NEW YORK/LONDON - Gold prices turned negative on Tuesday as the dollar strengthened following news that China would retaliate against a new round of U.S. tariffs on its goods. U.S. Treasuries also rose, helping boost the dollar but pressuring gold.
China said that it had no choice but to retaliate against new U.S. trade tariffs, raising the risk that U.S. President Donald Trump could soon impose duties on virtually all Chinese goods that America buys.
The U.S. dollar index strengthened against a basket of major currencies. A stronger dollar generally weighs on the price of dollar-denominated gold, which has been losing out on safe-haven flows to the greenback during the months-long U.S.-China trade conflict. The dollar was negative earlier.

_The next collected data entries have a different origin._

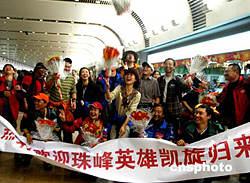 西藏自治區(qū)體育局、中國科學(xué)探險協(xié)會主辦的“珠穆朗瑪峰環(huán)保大行動”圓滿結(jié)束,十六日二十余名志愿者、新聞記者順利返回北京時,興高采烈地在首都機(jī)場合營留念,祝賀活動圓滿結(jié)束。中新社記者:宋吉河
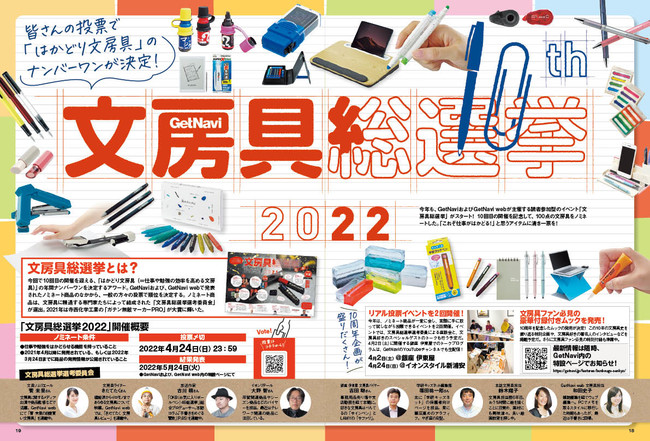 GetNavi、GetNavi webが主催する読者参加型のイベント「文房具総選挙」が今年もスタート。10回目の開催を記念して、8部門全100点の文房具をノミネートした。「これぞ作業がはかどる!」と思うアイテムに清き一票を!
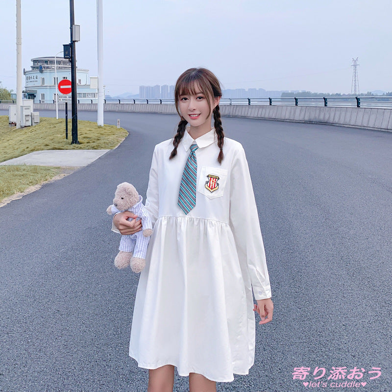Gothic Lolita Harajuku Style Clothing Girl Long Sleeve Dress Cute Solid Color Maxi Dress

Spot gold dropped 0.23 percent at $1,197.75 per ounce by 1:33 p.m. EDT (1733 GMT) in choppy trade. U.S. gold futures for December delivery fell $3.30, or 0.3 percent, at $1,202.50.
Gold prices have declined more than 12 percent since April, hurt by the intensifying trade dispute between the United States and China and as rising U.S. interest rates diminished demand for non-interest-bearing bullion.

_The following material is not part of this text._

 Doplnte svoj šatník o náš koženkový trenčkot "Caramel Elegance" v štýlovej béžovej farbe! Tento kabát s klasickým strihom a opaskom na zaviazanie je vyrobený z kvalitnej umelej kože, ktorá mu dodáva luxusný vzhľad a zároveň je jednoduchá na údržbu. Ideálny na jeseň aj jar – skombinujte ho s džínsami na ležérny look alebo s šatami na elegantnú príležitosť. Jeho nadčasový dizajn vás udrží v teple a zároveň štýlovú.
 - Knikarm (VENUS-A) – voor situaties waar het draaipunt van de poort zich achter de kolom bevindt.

"I think there’s a secondary factor where higher rates and real rates are helping lift the dollar and that's putting pressure on gold," said Rob Haworth, senior investment strategist for U.S. Bank Wealth Management.
Higher yields tend to lift the dollar and pressure gold, which costs to store and insure but does not pay interest.
Investors are eyeing a meeting by the U.S. Federal Reserve next week at which interest rates are widely expected to be raised, said ActivTrades chief analyst Carlo Alberto De Casa.
"Any comments about the 2019 monetary policy could be a new significant driver for the precious metal," he said.
Gold prices were "hovering below massive resistance between $1,205-$1,215 range", said FOREX.com analyst Fawad Razaqzada, pointing out that gold was still in a bearish trend.
Investors trimmed their net short positions in Comex gold and silver in the week to Sept. 11, U.S. data showed on Friday.
"One of the big problems that gold is facing is that it is trying to battle a mountain of pessimism," ETF Securities analyst Nitesh Shah said.
"The speculative positioning in gold is down to its lowest levels since 2001 ... gold is not behaving like the haven that it is supposed to be."
Spot silver lost 0.1 percent at $14.14 an ounce. Platinum rose 1.9 percent at $811.30, while palladium gained 2.7 percent at $1,010.72, reaching its highest since mid-June at $1,012.50 an ounce.